A Critical Literature Review on Rock Petrophysical Properties Estimation from Images Based on Direct Simulation and Machine Learning Techniques

Estimation of petrophysical properties is essential for accurate reservoir predictions. In recent years, extensive work has been dedicated into training different machine-learning (ML) models to predict petrophysical properties of digital rock using dry rock images along with data from single-phase direct simulations, such as lattice Boltzmann method (LBM) and finite volume method (FVM). The objective of this paper is to present a comprehensive literature review on petrophysical properties estimation from dry rock images using different ML workflows and direct simulation methods. The review provides detailed comparison between different ML algorithms that have been used in the literature to estimate porosity, permeability, tortuosity, and effective diffusivity. In this paper, various ML workflows from the literature are screened and compared in terms of the training data set, the testing data set, the extracted features, the algorithms employed as well as their accuracy. A thorough description of the most commonly used algorithms is also provided to better understand the functionality of these algorithms to encode the relationship between the rock images and their respective petrophysical properties. The review of various ML workflows for estimating rock petrophysical properties from dry images shows that models trained using features extracted from the image (physics-informed models) outperformed models trained on the dry images directly. In addition, certain tree-based ML algorithms, such as random forest, gradient boosting, and extreme gradient boosting can produce accurate predictions that are comparable to deep learning algorithms such as deep neural networks (DNNs) and convolutional neural networks (CNNs).
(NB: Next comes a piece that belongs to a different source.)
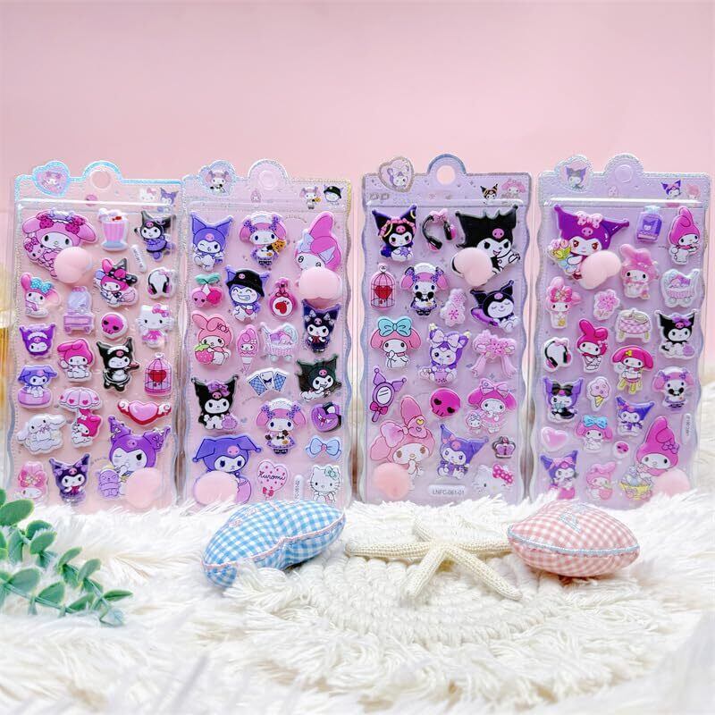 2個 おしりぷにぷにシール クロミ かわいいキャラクター 可愛い 立体 ごほうびシ ー ル、ご褒美シー ル デコレーション、女の子向け プランナー・ノート・スマホ・ウォーターボトル装飾用 3D浮き立つ漫画風レリーフステッカー (A)

To the best of our knowledge, this is the first work dedicated to exploring and comparing between different ML frameworks that have recently been used to accurately and efficiently estimate rock petrophysical properties from images. This work will enable other researchers to have a broad understanding about the topic and help in developing new ML workflows or further modifying exiting ones in order to improve the characterization of rock properties. Also, this comparison represents a guide to understand the performance and applicability of different ML algorithms. Moreover, the review helps the researchers in this area to cope with digital innovations in porous media characterization in this fourth industrial age – oil and gas 4.0.